Separation of organic acids can be a challenging task due to their hydrophilic nature and structural diversity. One of the more traditional approaches to this analysis is ion exclusion chromatography, which offer complementary selectivity to other separation techniques, especially for the monovalent acids which tend to be more strongly retained in this mode.

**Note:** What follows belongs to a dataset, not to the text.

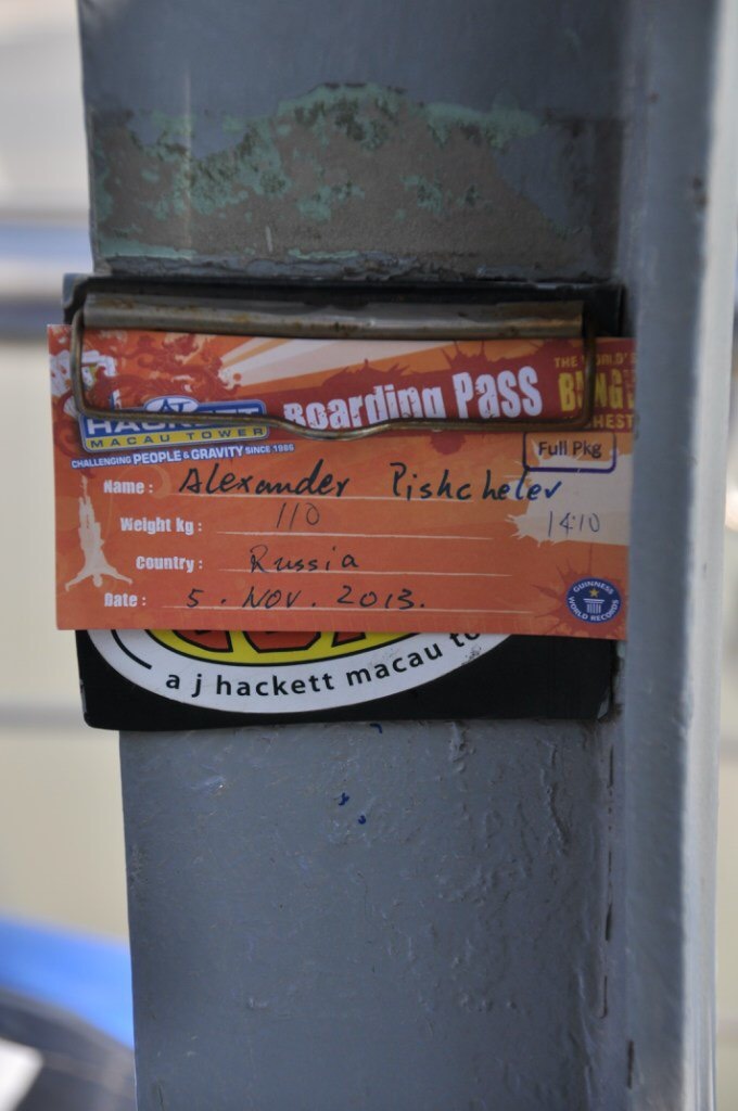 При выходе из лифта стоит стойка с регистрацией для участия в банджи. Идти на регистрацию сразу не обязательно, можно походить по стеклянному полу на высоте 233м. посмотреть прекрасную панораму на Макао, да и просто привыкнуть к высоте. Хотя кого я обманываю, к такой высоте привыкнуть просто не реально. Ну что, фотки сделаны, идем на регистрацию, там Вас попросят подписать что Вы полностью здоровы, не находитесь в алкогольном (а как без него вообще прыгать?!?))) и наркотическом опьянение, и что меня больше всего напугало, за разрыв сердца в полете, они ответственность не несут. Ставлю подпись, дату, попутно спрашивая были ли опасные случаи на производстве, получая отрицательный ответ, немножко выдыхаю. Мне выдали майку и ключики от шкафчика, где можно оставить личные вещи. Так же можно попросить комбинезон и обувь если ваша одежда не позволяет вам совершить комфортный прыжок. После всех переодеваний меня взвесили (для установки длинны резинки) и передали в руки обвязывальщиков.

This example shows an attempted separation of twelve organic acids during a column screening where several of the analytes were of relevance to a product development project within the pharmaceutical industry. Changing the concentration of the eluent did not increase resolution for this set of analytes on this column. Addition of low amounts of organic solvents such as methanol or acetonitrile to this eluent reduced retention of all acids and did not improve the separation.

Separation of twelve organic acids by ion exclusion chromatography

Separation of 12 organic acids by ion-exclusion chromatography on an IonPac ICE-AS6 column (250×9 mm) using an eluent containing 0.7 mM hexafluorobutyric acid (HFBA) in water, pumped at 1.0 mL/min at 25 °C. Background reduced by Dionex AMMS-ICE 300 suppressor regenerated by 5 mM tetrabutylammonium hydroxide (TBAOH) delivered at 4 mL/min. Pumping of eluent and regenerant, plus conductivity detection performed by Metrohm 761 Compact IC. Injection of 50 µL of oxalic acid (1), maleic acid (2), glyoxylic acid (3), malonic acid (4), malic acid (5), glycolic acid (6), formic acid (7), lactic acid (8), acetic acid (9), succinic acid (10), fumaric acid (11), acrylic acid (12), at 5-50 mg/L in eluent, giving signals of 1-12 µS/cm.